Und während ich auf dem Spielplatz herumsitze und die zuckergetunten Kinder beobachte, erinnere ich mich an den Sommer vor ein paar Jahren. Das war die Zeit, als das Söhnchen immer früh um sechs aufwachte, ich mich mit ihm zum Stillen in den Erker zurückzog und aus dem Fenster schaute.
Meist war noch niemand auf der Straße.
Aber einer war schon wach.
Im Haus schräg gegenüber stand fast jeden Morgen ein junger Mann auf dem Balkon, um die 30, mit Bart und Bauch. Er rauchte und schaute ins Weite (sofern das in einer durchschnittlichen Berliner Straße so geht). Der Balkon war mit Grünpflanzen vollgestellt, eine Art Wald auf zwei Quadratmetern.
Ich glaube, er hat mich nie gesehen. Weder kannte er mich, noch kannte ich ihn, ich wusste nur dass er der Sohn eines älteren Nachbarn war und nicht umbedingt einer, der die Welt bewegt. Jedenfalls niemand, den man dringend stalken müsste.

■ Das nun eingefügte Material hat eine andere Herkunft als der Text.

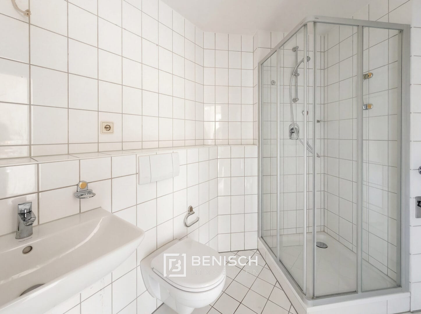 Das großzügig gestaltete Badezimmer ist sowohl mit einer Badewanne als auch mit einer separaten Dusche ausgestattet und verfügt zudem über einen praktischen Waschmaschinenanschluss direkt in der Wohneinheit.

Trotzdem musste ich ihn während dieser frühen Sommerstunden immer beobachten, wie er mit einer Kippe auf dem Balkon seiner Eltern stand und in die Ferne schaute.
Er war zurück nach Hause gezogen, weil er Krebs hatte.
* * *
Im Frühsommer war der Junge noch kräftig. Im Hochsommer wurde er dünn. Ich wunderte mich, dass er sich nicht hinsetzte auf dem Balkon, er sah schwach aus und bewegte sich langsam.
Aber vielleicht war vor lauter Grünpflanzen ja kein Platz.
Manchmal traf ich seinen Vater, der kurz und sachlich von den Behandlungen erzählte. Wie gut sein Sohn alles mitmache, wie dankbar er den Pflegekräften begegne und dass sie jetzt diese oder jene erfolgsversprechende Methode ausprobierten.
Tatsächlich wirkte der Junge manchmal etwas fitter - soweit ich das über die Distanz der Straße erkennen konnte, allzu penetrant wollte ich ja auch nicht starren. Dann wieder wirkte er schwächer. Und ich spürte diese seltsame Gleichzeitigkeit - wenn man von verheerenden Erdrutschen oder Bürgerkriegen liest und sich das Mitgefühl mit der Erleichterung mischt, nicht selbst betroffen zu sein: Da sitze ich mit meinem gesunden Sohn im Arm, und da drüben stirbt gerade ein anderer in Zeitlupe. Dass ich froh bin, dass es nicht umgekehrt ist, ist natürlich ein menschlicher Gedanke. Aber nichts, worauf ich stolz sein könnte.
Dabei weiß ich ja, dass es jede und jeden treffen kann, jederzeit. Mich, dich, mein Kind, dein Kind. Seit ich mit 16 Halbwaise wurde, bin ich mit dieser Möglichkeit bestens vertraut: Der Tod ist ein Kumpel – einfach, weil er immer mit am Tisch sitzt.
* * *
Eines Morgens war der Junge nicht mehr da.
Ich traf dann den Vater auf der Straße, wo er ruhig und gefasst mit anderen Nachbarn sprach. Er erzählte von der letzten Nacht seines Sohnes im Krankenhaus: dass ein Freund gemeinsam mit der Nachtschwester das Bett nach draußen geschoben hatte, und der Junge in der Sommernacht unter den Sternen lag. Und wie die beiden Freunde noch einen Joint rauchten und morgens um fünf alles zu Ende war.
Dann berichtete der Vater, dass er erst vor kurzem einen großen Block Haschisch gekauft hatte für seinen Sohn (das Kiffen linderte seine Schmerzen und wohl auch die Angst) und den jetzt unter dessen Kumpels verteilen wollte. Er ist ein praktisch veranlagter Kreuzberger, der nichts verkommen lassen will.
Und obwohl ich noch nicht mal den Namen des Jungen kannte, weinte ich. Sein Vater nahm mich in den Arm und tröstetet mich, was ich ziemlich absurd fand und andererseits auch wieder nicht.
* * *
Seit diesem Sommer ist der Balkon leergeblieben. Eigentlich müsste manchmal jemand zu sehen sein, aber vielleicht schaue ich auch nicht mehr so oft aus dem Fenster. Aber wenn ich es tue, sehe ich die Pflanzen, die immer noch wuchern und wachsen. Besonders jetzt, nach diesem langen Sommer.
Bis nächste Woche, deine
Judith “heute ohne Tipps” Hyams
PS: Das Vermächtnis des Jungen war folgende Bitte: Hör auf die Signale deines Körpers und kümmere dich gut um ihn! Recht hat er!